Forty years after his death, Henry Darger remains one of America’s most polarizing artists. Given that he died unknown and virtually friendless, it is a testament to the power of his work that people are still arguing over what it all means. The very reason we know he existed is the stuff of myth. An elderly man, thought to be eccentric by those who encountered him, is taken to a nursing home. When the room in which he lived for decades is cleaned out, a giant trove of artworks and writing is discovered. The subject matter causes more than a little controversy. The artworks are eventually deemed to be illustrations for a massive book about a child slave rebellion. Many of the illustrations (which seem to focus on a group of little girls) feature nudity and scenes of especially vicious torture. The naked little girls have penises. A whole cottage industry emerged to interpret a body of work that still has the power to shock. With that cottage industry came a vested interest in keeping the work unfathomable and the artist crazy. A new biography of Darger sheds some light on how his work came to be, and in the process has become a controversial tome.

Critics over the past few decades have speculated that Darger was a pedophile, a sadist, a serial killer, and a very crazy man. Throwaway Boy looks at Darger through a new lens and offers us the simple theory that he was gay. The girls with penises are actually boys in dresses and the tortures might be Darger documenting things that happened to him. The author spent 10 years doing exhaustive research, and the results offer us a portrait of the world in which Darger was shaped. Not surprisingly, this theory is as polarizing as Darger’s own work.

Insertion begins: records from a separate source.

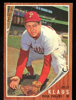 1962 Topps Baseball Short Print High Number Card (#571) of former Philadelphia Phillies Infielder, Billy Klaus.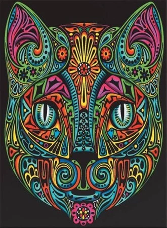Wypukłe linie ułatwiają nie wychodzenie za linie, a na głębokiej matowej czerni nie widać drobnych potknięć przy kolorowaniu. Welwet nałożony jest na papier przyklejony do sztywnej tektury, dzięki czemu obraz nie wymaga ramki jeśli zdecydujemy się go powiesić na ścianie.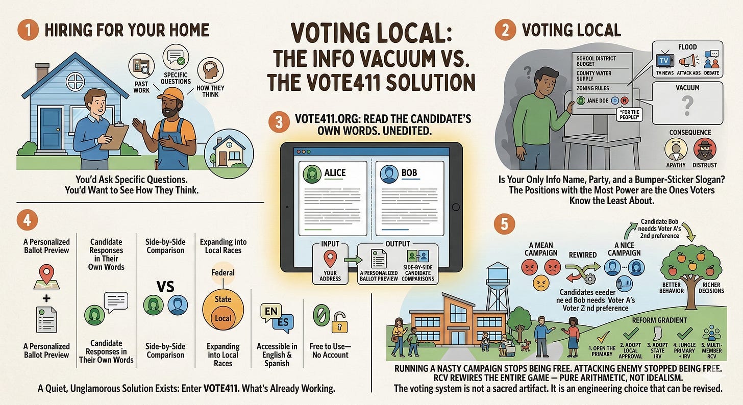 This series has been building a case that expressive voting — richer ballots, better systems, more honest signals — can improve democratic representation without waiting for federal action. VOTE411 fits that argument exactly: it improves the information environment at every level of government, costs nothing to use, and is available right now.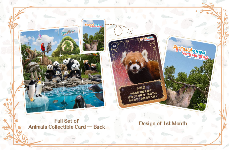 To celebrate the amazing happenings at Ocean Park, including the arrival of a pair of new Giant Pandas and the newborn Giant Panda twins to join our panda family! As a token of gratitude for the support of our Annual Members, we have specially designed a series of panda cubs collectible cards, which will be distributed monthly^ for members to collect for free!

The area where Henry Darger grew up was a destination for vice. The sidewalk in front of the flat he grew up in was a cruising area for homosexuals, and children under 10 were available for sex for pocket change. Henry’s father was elderly, alcoholic and widowed during the birth of his sister (who was given up for adoption). By the time he was 8, Henry was sneaking off to see a night watchman that he was “involved with.” The author makes a compelling case that the night watchman who died some 48 years later, was for that whole time the love of Darger’s life. This seems less farfetched when we are offered photos of the two of them posing together over a span of decades. There is also their correspondence. One of the things that can rankle the keepers of the crazy brand is the realization that Darger might have been a little more sophisticated and knowing than the myth lets on. He uses the lingo of the day that gay men used and in the later years when he was thought to be crazy, he shows a definite self-awareness in his writing.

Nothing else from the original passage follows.